From Salon:
Family sues New Jersey for right to put their child in gay conversion therapy
A New Jersey couple is fighting to put their child in a discredited therapy to "cure" him of his sexual identity
By Katie McDonough
A New Jersey couple is suing their state over a law banning so-called gay conversion therapy, which they say is a violation of their free speech rights, freedom of religion and ability to parent their child “free from unconstitutional government interference,” which in this case means putting a 15-year-old high school student through a medically discredited pseudotherapy intended to “cure” him of his sexual and gender identity.
According to the complaint, the couple’s teenage son began “experiencing gender identity disorder when he was around nine years old,” at which point he started to see a social worker who “helped him tremendously” with his gender identity and “unwanted same-sex attraction.”
At the recommendation of this social worker, the family then contacted Ronald Newman, a member of the anti-gay Christian counseling group National Association for Research & Therapy of Homosexuality, but the state ban on the discredited practice prevented them from going forward with the counseling.

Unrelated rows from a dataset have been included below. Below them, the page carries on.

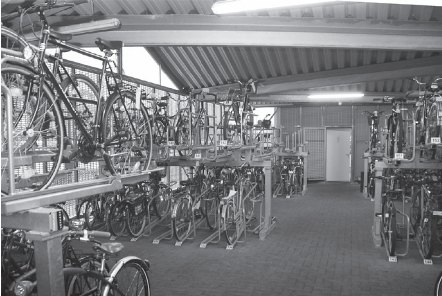
Hier sind die Räder sicher untergebracht: die großzügige Halle mit den Stellplätzen

Wir haben uns auch die Zugangsmöglichkeiten zur Stellanlage zeigen lassen. Mit einer Chipkarte kommt man rund um die Uhr in die Stellanlage. Die Chipkarte kann zurzeit allerdings nur zu den Öffnungszeiten der Radstation erworben werden. Die Funktionsdauer der Chipkarte ist frei wählbar. Die Tageskarte kostet
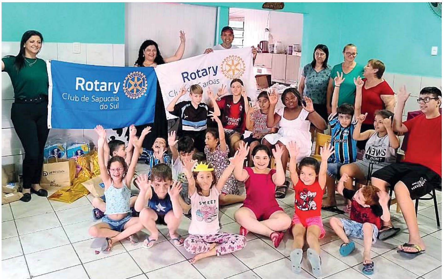
FESTA DE NATAL: e a alegria das crianças

Os clubes estão abertos para muitos outros projetos em parceria.
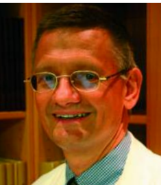
Ordination Aignerstrasse 12
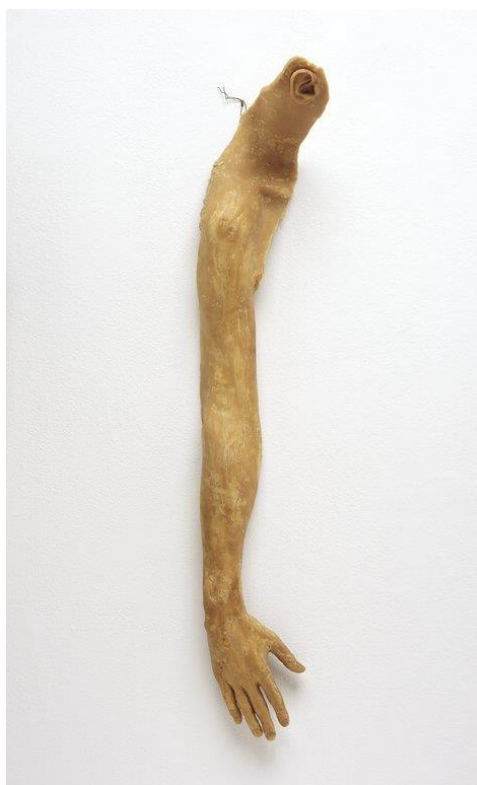
Sl.17. Bruce Nauman, From hand to mouth , 1967.

Bruce Nauman (1941.) je poznati američki umjetnik koji se osim kiparstva bavi i video medijem, grafikom, crtanjem i performansom. Umjetnik često koristi odljeve vlastitog tijela u svojim radovima kao što je From hand to mouth , 1967., reljefna skulptura lijevana u vosku, izuzetno fragilan rad sklon deformaciji. Autor na humorističan i doslovan način prevodi frazu „Iz ruke u usta“ čije se značenje definira kao zadovoljavanje trenutnih potreba u nedostatku novčanih sredstava. 5
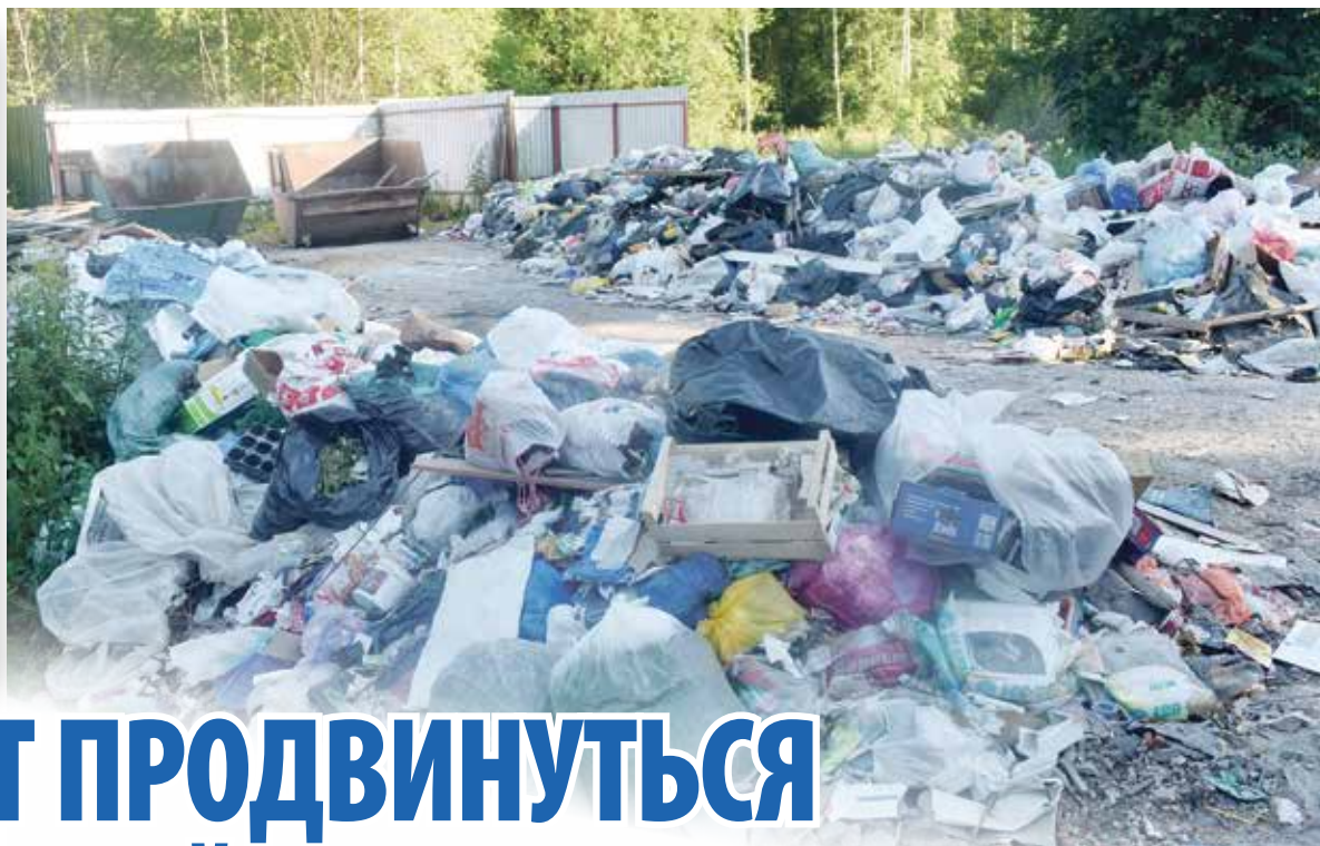
► Контейнерная площадка рядом с Деревеньками отаеся одной из самых проблемных точек района.

Более того, даже принятые решения, вроде создания на площадках отдельных зон для ТБО, так и остались по большей части не исполнены.
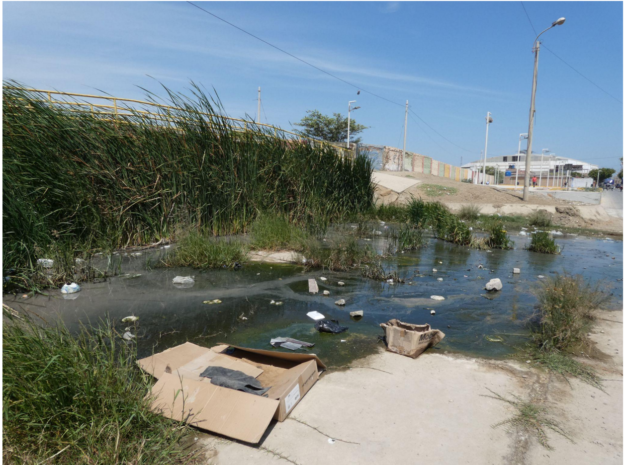
Foto 2. Residuos sólidos en el canal

directa de la institución pública más próxima, la Municipalidad de Negritos. Para fortalecer las probabilidades de éxitos del proyecto Ecoturístico, el objetivo de impulsar mejoras en la gestión de los residuos sólidos desde la Municipalidad debe agregarse al proyecto. Los trabajadores municipales, además, reconocen que esta es tarea suya, lo que significa que deben y pueden abordarla.
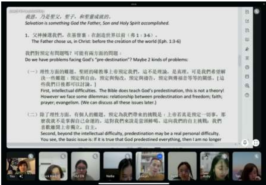
妇人读书会在线上阅读《磐石之上》。。。。。。。
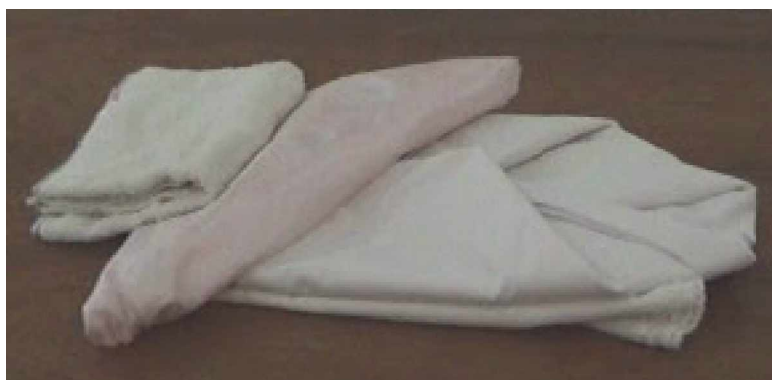
Gambar 2.2. Lenan pengkondisianan rambut

Daftar lenan yang digunakan pada pengkondisianan rambut secara lengkap dapat dilihat pada gambar 2.2 berikut.
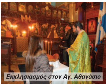
Εκκλησιασμός στον Αγ. Αθανάσιο

Η οικογένεια Κοτρώτσιου με πειροσσή προθυμία προσέφερε τους άρτους και τα κεράσματα για την εορταστική Θεία Λειτουργία.

“John Doe has a sincerely held religious belief and conviction that homosexuality is wrong and immoral, and he wanted to address that value conflict because his unwanted same-sex attractions and gender confusion are contrary to the fundamental religious values that he holds,” according to the complaint.
The suit contends that the teenager has also struggled with depression and suicidal thoughts in the past, a sad and frightening fact since he doesn’t seem like he has the support necessary to seek the genuine help — including legitimate and medically credible therapy — that he needs any time soon.
Beyond Ex-Gay, a community of survivors of “sexual orientation change efforts” who abandoned the practice and the anti-gay, anti-trans worldview that comes with it, surveyed its members to find the top 10 reasons they entered ex-gay therapy in the first place, all of which, sadly, seem to be echoed in this case:
- To be a better Christian.
- I believed it was what God wanted me to do.
- I feared I would be condemned by God.
- The desire to fit in with everyone, to feel “normal.”
- Cultural pressure to conform to heterosexuality.
- Desire to please family and friends.
- I feared I would go to hell for being gay.
- Fear of losing family and friends.
- Misinformation of what it meant to be gay.
- Self-hatred & internalized homophobia.